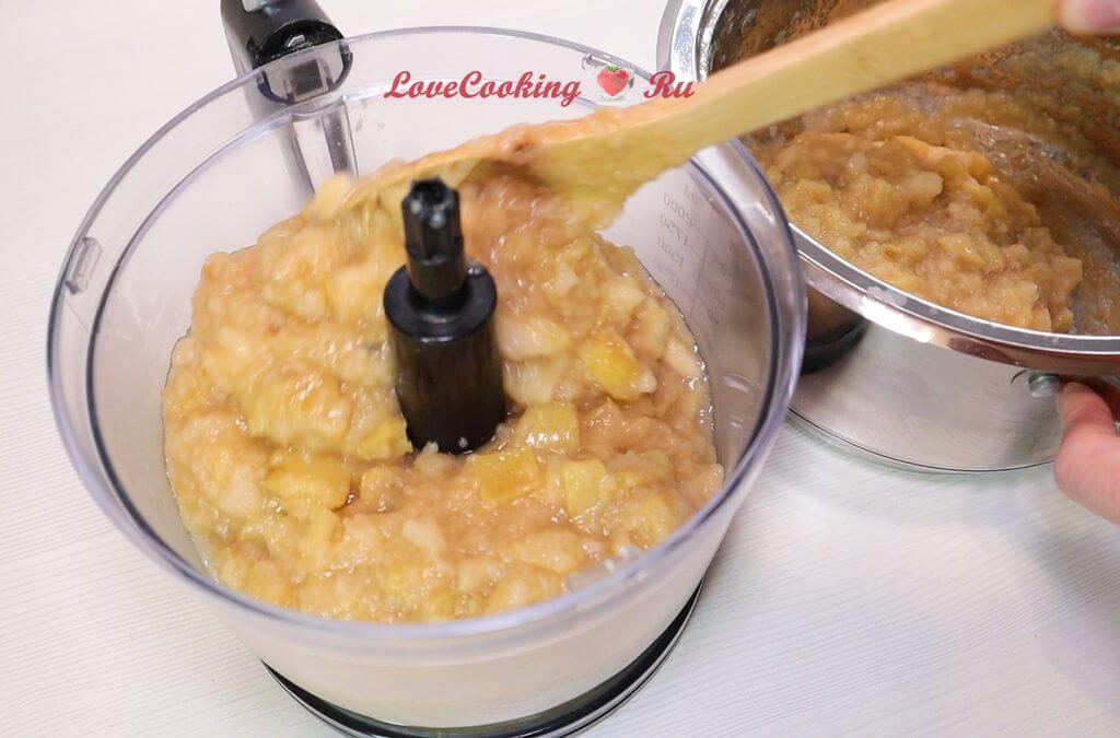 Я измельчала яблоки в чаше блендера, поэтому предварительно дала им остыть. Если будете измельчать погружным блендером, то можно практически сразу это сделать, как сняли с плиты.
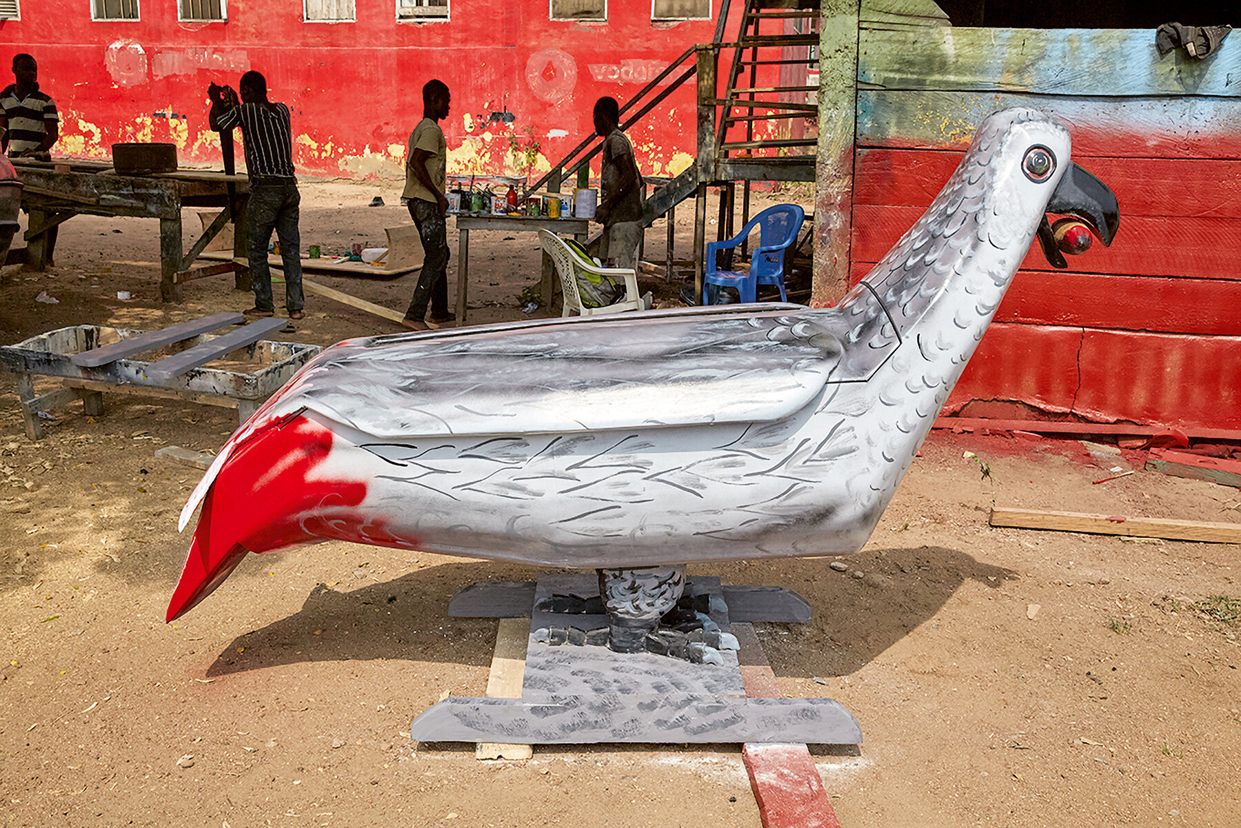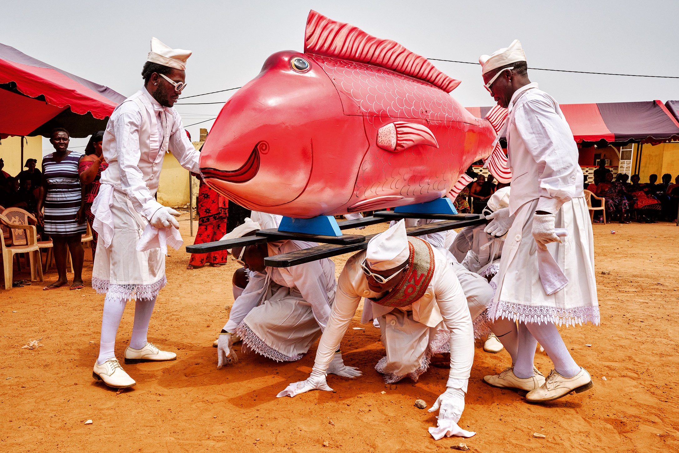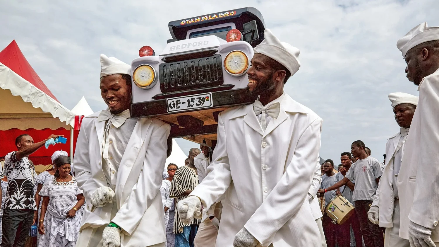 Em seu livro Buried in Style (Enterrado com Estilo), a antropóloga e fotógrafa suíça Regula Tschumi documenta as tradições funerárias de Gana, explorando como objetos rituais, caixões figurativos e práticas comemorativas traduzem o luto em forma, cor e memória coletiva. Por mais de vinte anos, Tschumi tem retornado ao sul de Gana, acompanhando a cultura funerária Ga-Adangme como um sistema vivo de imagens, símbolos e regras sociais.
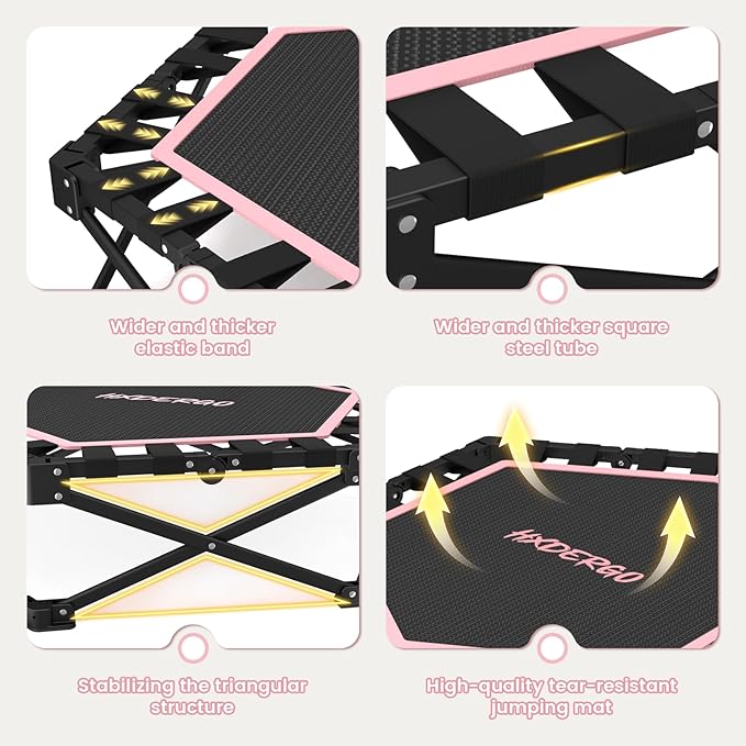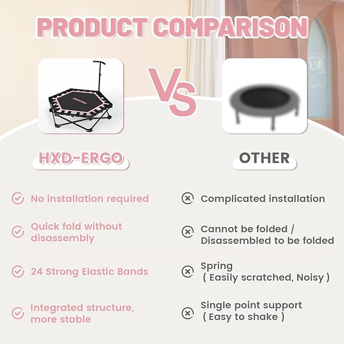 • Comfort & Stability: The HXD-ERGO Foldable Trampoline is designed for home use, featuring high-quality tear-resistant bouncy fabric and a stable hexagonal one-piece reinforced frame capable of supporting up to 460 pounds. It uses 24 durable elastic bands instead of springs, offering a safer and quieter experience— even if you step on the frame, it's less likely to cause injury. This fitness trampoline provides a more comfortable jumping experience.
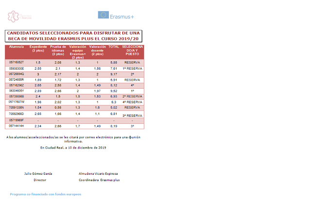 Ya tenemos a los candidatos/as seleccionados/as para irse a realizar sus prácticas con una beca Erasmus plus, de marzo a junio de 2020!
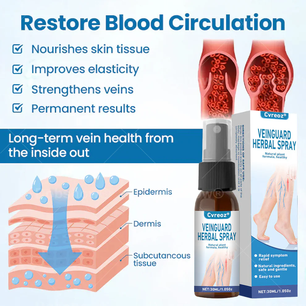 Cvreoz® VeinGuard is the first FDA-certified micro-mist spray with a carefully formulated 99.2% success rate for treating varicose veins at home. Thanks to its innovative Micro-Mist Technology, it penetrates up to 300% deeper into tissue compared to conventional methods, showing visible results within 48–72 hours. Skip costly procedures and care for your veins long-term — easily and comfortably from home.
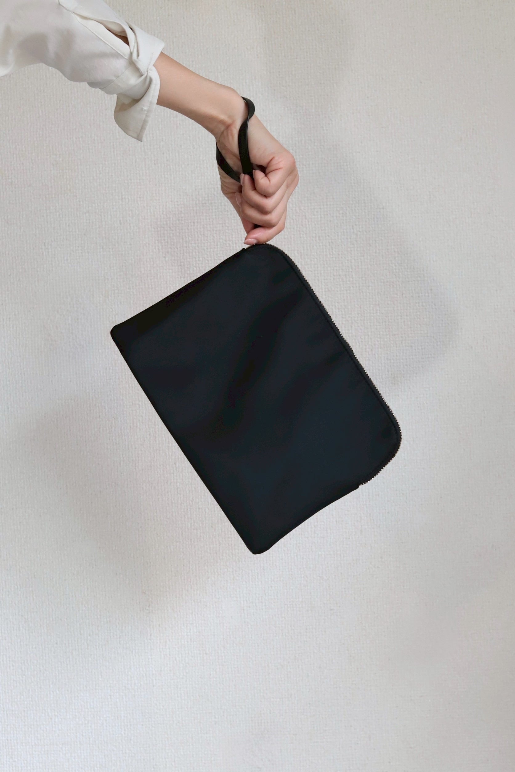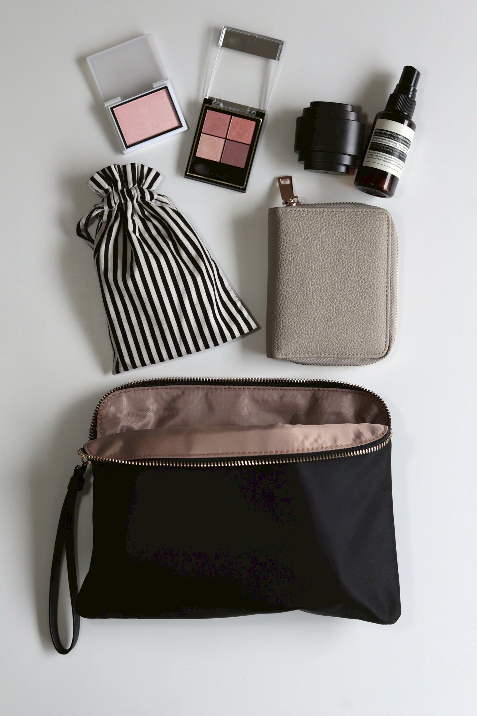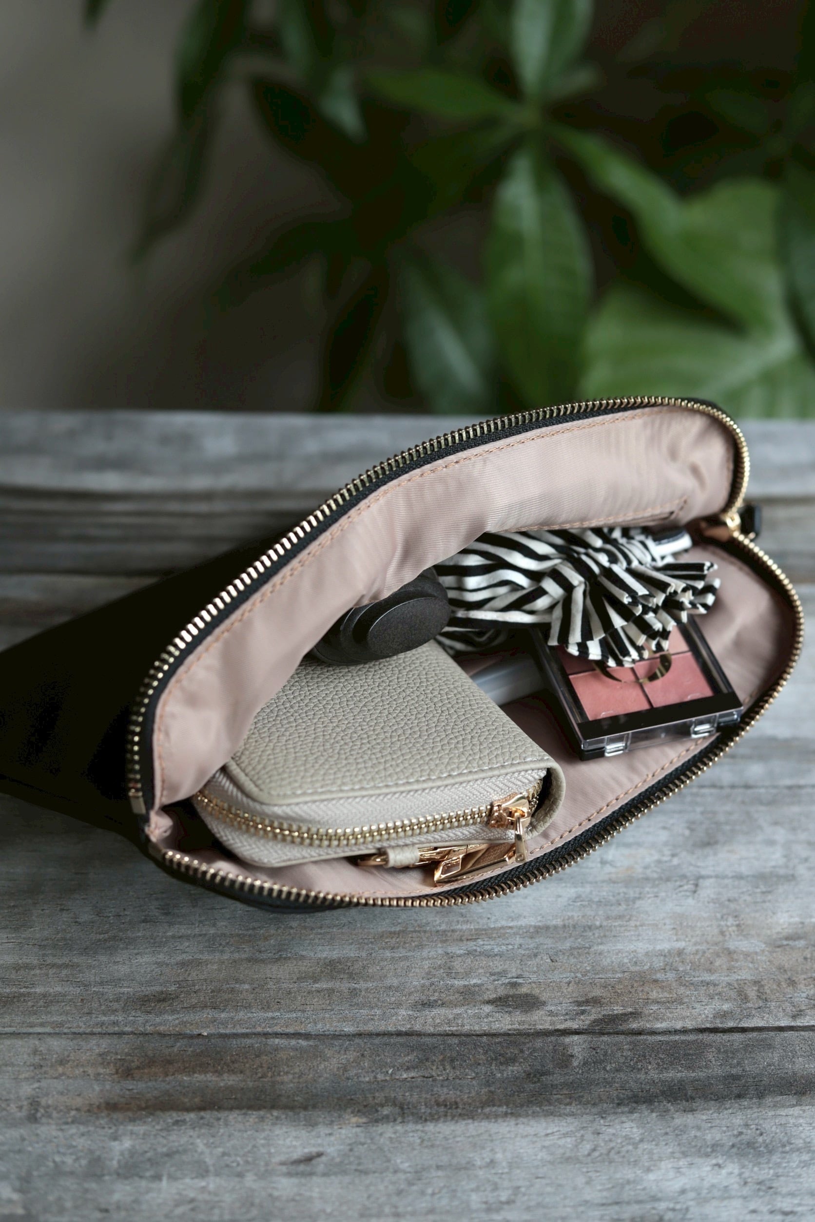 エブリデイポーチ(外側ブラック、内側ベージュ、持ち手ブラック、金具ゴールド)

══════

Task item
What is needed is the exact run of lines from the start of the data through the line with "Em seu livro", both ends included, minus the pictures.

Solution
 Я измельчала яблоки в чаше блендера, поэтому предварительно дала им остыть. Если будете измельчать погружным блендером, то можно практически сразу это сделать, как сняли с плиты.
 Em seu livro Buried in Style (Enterrado com Estilo), a antropóloga e fotógrafa suíça Regula Tschumi documenta as tradições funerárias de Gana, explorando como objetos rituais, caixões figurativos e práticas comemorativas traduzem o luto em forma, cor e memória coletiva. Por mais de vinte anos, Tschumi tem retornado ao sul de Gana, acompanhando a cultura funerária Ga-Adangme como um sistema vivo de imagens, símbolos e regras sociais.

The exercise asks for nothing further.